- Entries provided -
◆ ◆ ◆ ◆ ◆ ◆ ◆
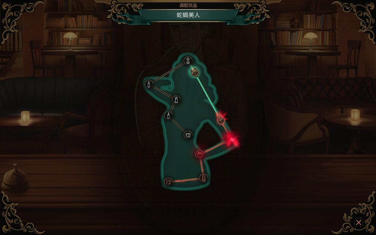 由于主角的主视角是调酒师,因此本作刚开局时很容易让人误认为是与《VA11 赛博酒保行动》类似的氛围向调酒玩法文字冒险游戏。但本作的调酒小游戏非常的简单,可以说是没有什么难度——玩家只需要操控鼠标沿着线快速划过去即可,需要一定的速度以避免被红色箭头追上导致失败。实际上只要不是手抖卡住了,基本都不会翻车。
◆ ◆ ◆ ◆ ◆ ◆ ◆
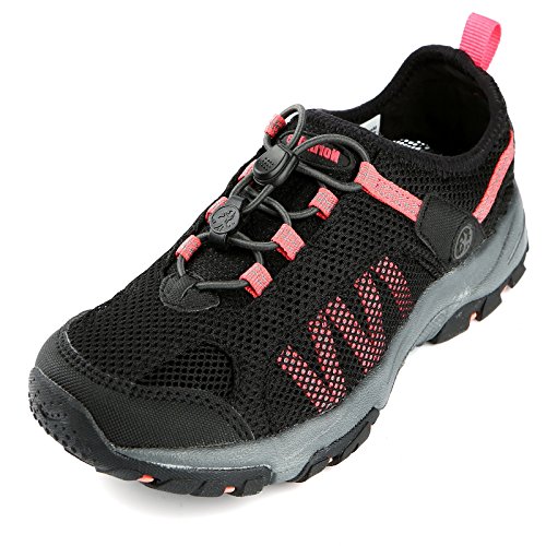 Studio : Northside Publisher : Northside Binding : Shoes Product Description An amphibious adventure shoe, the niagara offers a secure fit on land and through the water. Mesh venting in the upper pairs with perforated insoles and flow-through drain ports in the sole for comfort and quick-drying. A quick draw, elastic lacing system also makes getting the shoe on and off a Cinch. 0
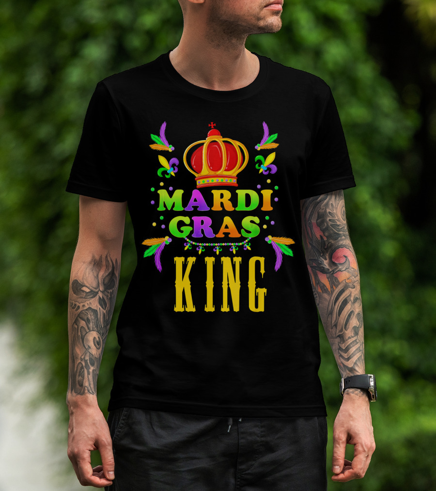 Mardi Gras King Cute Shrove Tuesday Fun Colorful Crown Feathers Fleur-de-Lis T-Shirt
◆ ◆ ◆ ◆ ◆ ◆ ◆
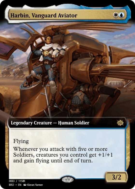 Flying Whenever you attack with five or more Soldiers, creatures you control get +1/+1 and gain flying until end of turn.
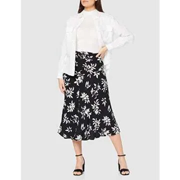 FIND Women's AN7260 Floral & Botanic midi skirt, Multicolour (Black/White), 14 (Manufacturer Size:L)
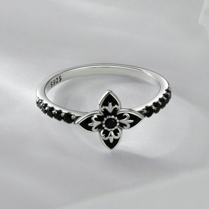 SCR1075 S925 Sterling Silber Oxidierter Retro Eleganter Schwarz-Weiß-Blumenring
◆ ◆ ◆ ◆ ◆ ◆ ◆
- Work request -
Start with the line with "Flying Whenever you" in the listing above and stop after the line with "SCR1075 S925 Sterling". Write out exactly the lines in that stretch and no others, without pictures.

- Your solution -
 Flying Whenever you attack with five or more Soldiers, creatures you control get +1/+1 and gain flying until end of turn.
 FIND Women's AN7260 Floral & Botanic midi skirt, Multicolour (Black/White), 14 (Manufacturer Size:L)
 SCR1075 S925 Sterling Silber Oxidierter Retro Eleganter Schwarz-Weiß-Blumenring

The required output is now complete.